I love to read and can get very attached to my opinions, but recently I've been learning not to completely lose my head when people disagree with me, so feel safe to argue with me whenever you wish ;)
After letting this sit for almost two weeks...well. Still dunno what to make of it.
But whatever Jehosh might be, he did not have his grandfather's brutal possessive streak, the will to prevent anyone else from tasting a nectar he wanted to keep for himself.
Jehosh loved the pursuit.
His grandfather desired control.
Atani had carved a different path for himself, cut short far too soon.

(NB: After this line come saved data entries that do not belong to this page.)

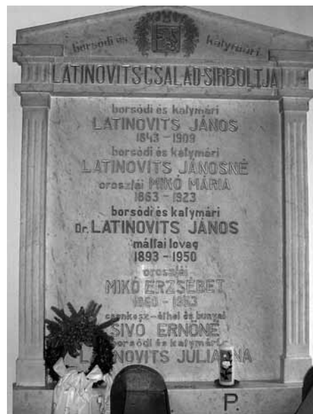
A Latinovits-kripta bejárata

a Latinovits család előtt, akik tetteikkel Katymár községet gazdagították”. Idősebb is volt, hogy kézzel fogható emléket állítsanak a családnak. Sok falubeli szinte már nem is tudja, kik voltak a Latinovitsok, és mi volt azon a téglafalon belül, amely mellett mindennap elmennek. Akik láthatták a falon túl élőket és kastélyukat, lassan kihalnak, így az emlékek elfelejtődnek. Eddig nem mutatkozott túl nagy hajlandóság a katymáriak körében a múlt értékeinek, a Latinovits család emlékének ápolására. Reméljük, hogy ez az emléktábla-állítást ennek a folyamatnak az első lépése volt.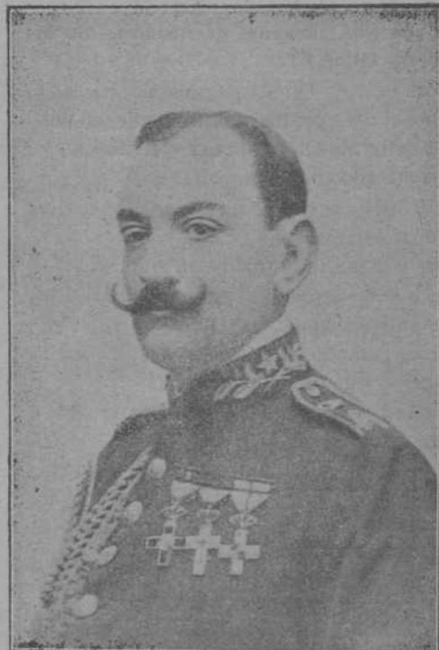
El conde de Coello de Portugal.

Al llegar a Avila los alumnos procedieron al desembarque de todo el material con rapidez prodigiosa, dirigiéndose en dos secciones, una de tropa y otra con materiales y carros, por las calles de la población hasta la Academia.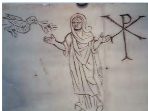
9. Εθνικό Ρωμαϊκό Μουσείο, Θέρμες Διοκλητιανού, Ρώμη

ε) Ιω 15, 5 : «Εγώ είμαι το κλήμα (« ἄμπελος »), εσείς οι κληματόβεργες (« τά κλήματα »). Εκείνος που μένει ενωμένος μαζί μου κι εγώ μαζί του, αυτός δίνει άφθονο καρπό, γιατί χωρίς εμένα δεν μπορείτε να κάνετε τίποτε».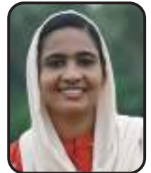
റഷിയ ഷിഹാബ് മെമ്പർ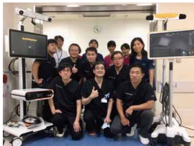
徳島県立三好病院 高度先進関節脊椎センターにて

徳島県西部は“四国のへそ”と呼ばれてきたように、香川県・愛媛県・高知県の3県と接し、医療圏も四国4県に跨っています。したがって徳島県西部(四国のへそ)の医療を充実させることは、徳島県内はもちろん四国全体の医療を充実させることに繋がると考えられます。またその取組みを県西部だけでなく県南部にも広げ、大学病院や関連施設と密に連携することで、重症患者の受け入れもスムーズに行い、安心した医療を提供できることを目指します。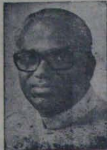
పాపిడిగింటి. శివశంకర్ ను పిల్చిస్తే, అయినా శివశంకర్ కనుకంకం లోకం దారకంపోతుంది, అనార్యవర్గం ప్రయోజనం

కాకినాడలోని 20 వేల ఎకరాల విస్తీర్ణంలోని శివశంకర్ ను పిల్చిందొకరు- ప్యాధాన్యత పొందిందికొకరు!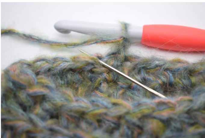
14. Hækl hstm i bml i første m.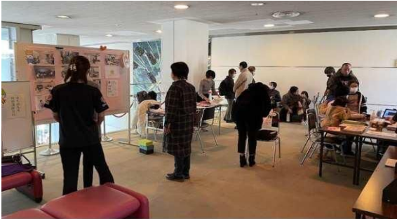
エレベーター前では まちの先生特別講座／血管年齢測定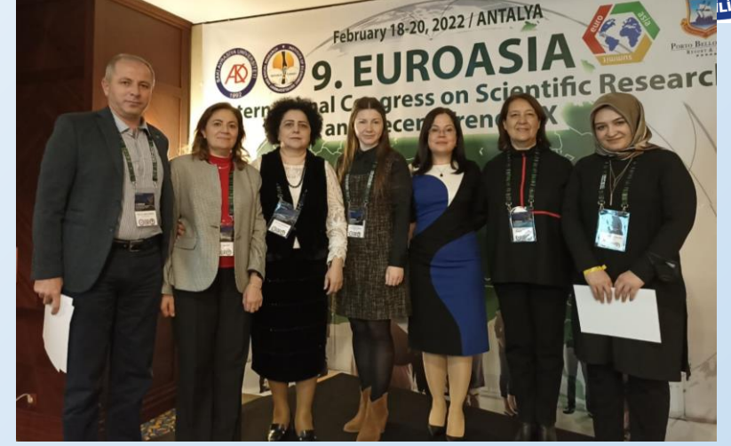
9. Euroasia International Congress on Scientific Research and Recent Trends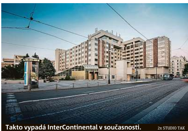
Takto vypadá InterContinental v současnosti.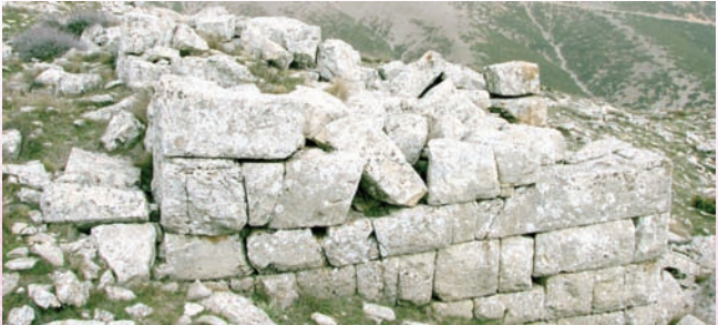
* Conana Antik Kenti

Gönen İlçesinin doğusunda yer alan antik kent, 1879 yılında tespit edilmiştir. Şehirde MÖ I. yüzyıldan itibaren sikke basıldığı bilinir. İmparatorluk sikkelerinin basımı İmparator Hadrianus'dan (MS 117-138) Gallienus (MS 260-268) dönemine kadar sürer. Arazide fazla bir kalıntı görülmez. İlçe sınırları içinden çıkan mimari parçalar ve bol miktardaki mezar stelleri Isparta Müzesi'ne nakledilmiştir.

For some reason, I loved parts like this. The legacy of personalities is something I find endlessly, hopelessly, eternally fascinating. Perhaps the most interesting thing about Black Wolves is the way we see the rise and fall-slash-decline of a kingdom in a single lifetime over the course of three generations, a story predicated on questions of legitimacy, suitability, and the possibility that the past might have gone in a different direction if a single individual had made a different choice.
It's also a big book. Structurally impressive, I thought, more thrilling than emotionally resonant. There's a 44-year jump near the beginning around the 80-page mark, a hole that is gradually filled through an interspersion of flashbacks. 200 pages in the beginning provide immersion more than setup, introducing a wide cast of disparate characters at different levels of society with diverging storylines. Focus for the people on the fringes is more on the personal than the political, with Lifka's jessing of a giant eagle, Sarai and Gilaras's arranged marriage. One thing that made the plot somewhat more difficult to follow was that those storylines seem to move wider and wider apart before coming together again, until I found myself entertained but not completely invested in Gil's subplot with
And then when that thread did enter a new turning point of sorts(show spoiler)
I wondered if Elliott couldn't have found a more succinct way to get there, and why(show spoiler)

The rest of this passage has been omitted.